Genre: Hard Rock, Post-Post-Punk
Favorite Tracks: “Baby Criminal,” “Troglodyte,” “Punk Rock Loser,” “Ain’t No Thief”
While the wider music listening world has been mostly preoccupied with the wellspring of young post-punk bands flowing out of the British Isles for the last five to six years or so, a different, mutant version of the same sounds has been taking form on the other side of the North Sea. The third full-length record for Stockholm’s Viagra Boys is a singular moment of triumph for a group that has long shown flashes and moments of brilliance but never, until now, put it all together into such a vibrant and cohesive package. On CAVE WORLD, the straightforward punch and venom of STREET WORMS comes into balance with the messy sprawl of WELFARE JAZZ, creating an album that is danceable yet fiery, chaotic yet focused, topically pointed yet always darkly comic.
Composed as a six-piece, Viagra Boys are large for a punk band, but use their instrumental breadth to their advantage by concocting a sonic palette that feels vaguely reminiscent of any number of influences yet wholly unique to them in total. Jumping from post-punk and new wave to slacker indie to electronic rave, to even strains of alt-country, they harness a churning and motor-powered rhythm section supporting a swirling mixture of squawking saxophone, fuzzed out synthesizers, and textured guitars that manages to simultaneously anchor but also disorient each of their songs. This lurching, off-kilter sound provides the perfect canvas for the outsize charisma and macabre, deadpan wit of frontman Sebastian Murphy.
Murphy trafficks in a comedic style that will be deeply familiar to fans of artists like Alex Cameron or the great Randy Newman, personifying some of society’s most objectionable characters in an effort to unmask their specific brand of depravity. In this case, those characters are variations on the forum-poisoned and the QAnon alt-right, the archetype of the modern day school shooter. “Baby Criminal” and “Troglodyte” function as studies on the origins and self-destructive behavior patterns of disturbed young men on the Internet: “He says he don’t believe in science / He thinks that all the news is fake / And late at night he sits on his computer / And writes about the things he hates.” On songs like “Punk Rock Loser” and “Big Boy,” Murphy more fully embodies the deranged narcissism of these same figures, almost drunkenly deadpanning refrains like “I’m not your average punk rock loser / Yeah I’m a savage, I’m really cool.”
The ridiculousness comes to a head on perhaps the album’s best song, “Ain’t No Thief,” which finds Murphy donning his Tim Robinson hot dog costume as he earnestly insists that, no, he did not steal your extremely specific custom-made lighter from your birthday party, he just happens to have one too, a hilarious premise for a song that even takes on a Pynchonesque postmodern comedic bent, if you imagine that the narrator is actually telling the genuine truth. An American-born Swedish emigrant with a hybrid accent performing with an exaggerated American affect, Murphy’s vocal delivery itself only feeds the humor baked into his lyrics–just listen to literally any time he draws out the word “man,” almost begging the listener to heed his increasingly unhinged warnings about the microchips and creepy crawlies in the vaccines and the children growing animal hair instead of baby hair and you can feel the difference but only if you touch it!

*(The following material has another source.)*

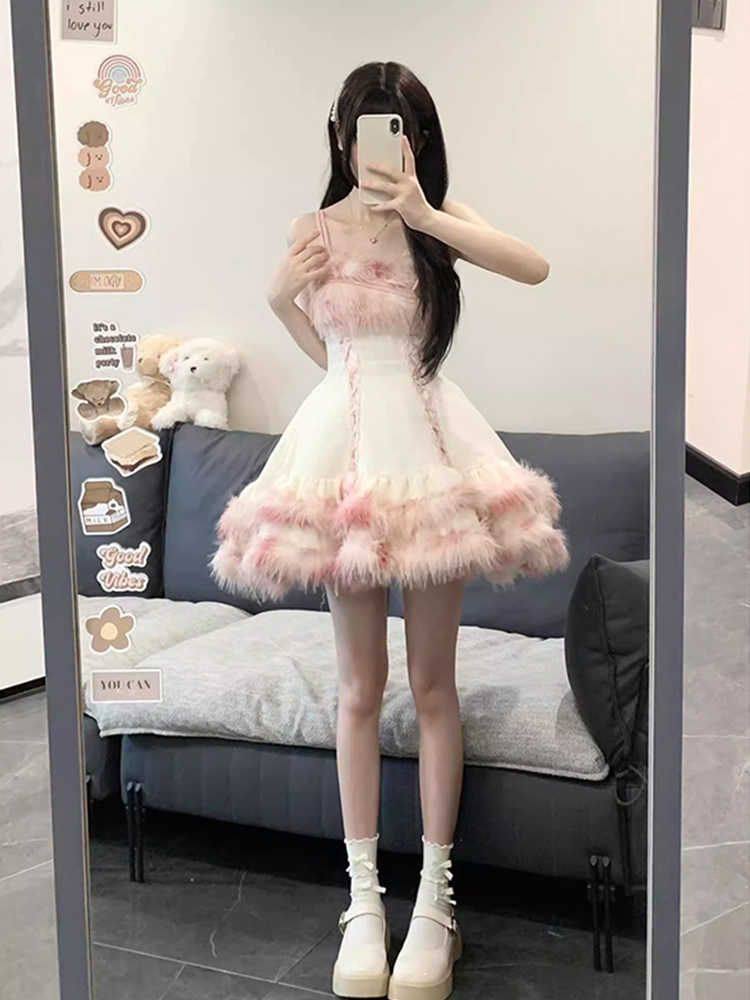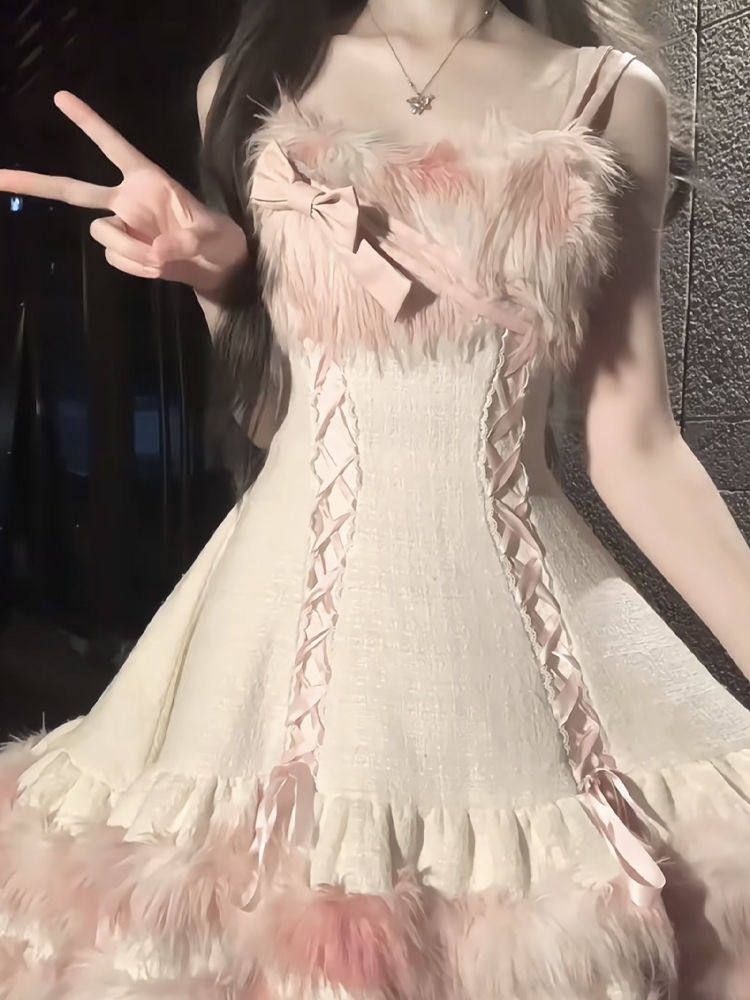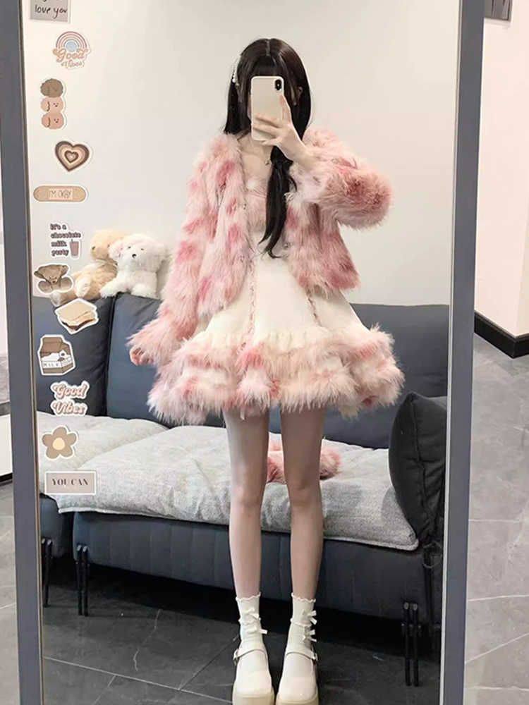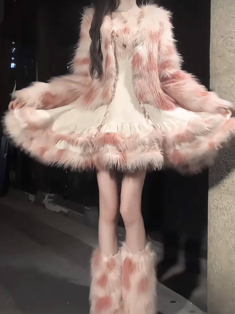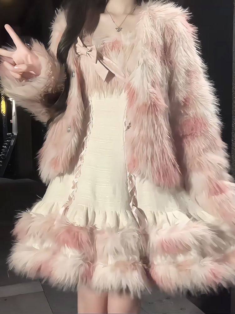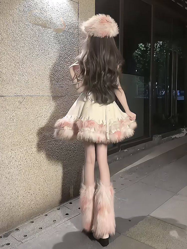 Sweet Girl Versatile Jacket Plush Short Jacket Dress Suit Autumn and Winter Waist Slimming Two-Piece Women's Suit

CAVE WORLD makes for an extremely energetic and engaging listen from front to back. It’s well-paced and ripe with laughs, but the most impressive part of the whole package is the way in which it presents its characters not even necessarily as bizarre oddities, but as fully fledged members of human society. Taking cues from people like Channel 5’s Andrew Callaghan (who Murphy has explicitly referenced as an influence on this record), Viagra Boys present the outlandish extremes of the world’s right wing not so much as objects to be looked down upon, but largely represents them in their own words and finds ways to musically highlight the insanity therein.
At times the record feels eerily prescient, like the verse towards the end of “Return To Monke” which deals intimately with the cleanup after “a murder takes place in Japan,” CAVE WORLD having released on the same day that former right-wing Japanese Prime Minister Shinzo Abe was gunned down in the street by a man with a homemade shotgun. If there is one thing that this album seems to want people to understand, it is that the people depicted in its songs are not just bad apples or lone gunmen; they are legion. Their numbers grow by the day as the alienation and dispossession of American youth grows deeper all the time, and it’s far past time to start directly addressing the root issues that cause people to seek answers in all the wrong places, to directly and concretely unmask the terminally online.